This past Thursday (December 11, 2014), John Romero made a post on Twitter about this day marking the 21 year anniversary of the seminal release of Doom. This was the first person shooter that not only solidified the genre, but also permeated the industry and influenced it for the years to come. The impact that this game had and its commercial success is nigh impossible for anyone to deny, even today.
Romero’s post also linked to a zipped folder on a file sharing website that contains a collection of previously unseen development art that never made it into the final release of Doom. For those who fancy themselves to be video game historians in a certain capacity, this may not be such a surprise from the outset.
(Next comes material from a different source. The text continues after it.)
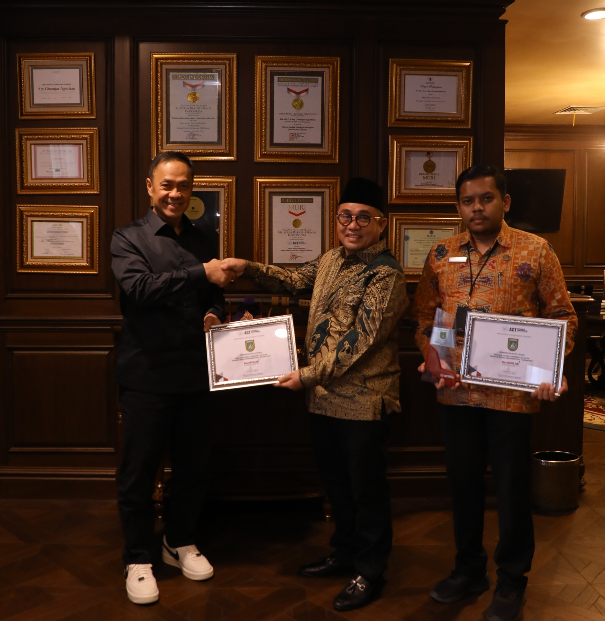 Penganugerahan tersebut diberikan langsung oleh Dr. (H.C) Ary Ginanjar Agustian (Founder ACT Consulting International) kepada Muhammad Syafie, S.Sos., M.Si (Asisten Administrasi Umum) dan Arnold Jayendra, SE., MM (Bagian Organisasi) pada tanggal 13 April 2023 di lantai 24, Menara 165, Jakarta.

Doom underwent many changes and even led to one of the core ID Software team members (Tom Hall) leaving due to the game’s dark nature and graphic violence.
Doom went from being a story driven squad based first person with an interesting “helmet HUD” system to being what it is now. That, of course, is of no discredit to this milestone in video game history. With that, a few images show further evidence of the existence of different looking weapons, enemies, environment textures, sprite animations and other such development artworks.
However, the majority of this art never even made it into any of the prototypes of Doom. It is very possible to see, if you are familiar with this subject, how these images fall into the creative through line of progression of this historic game’s development cycle. At long last, avid gamers and fans can get an even closer look into the fascinating history of this title and the history of one of the industry’s most storied development companies.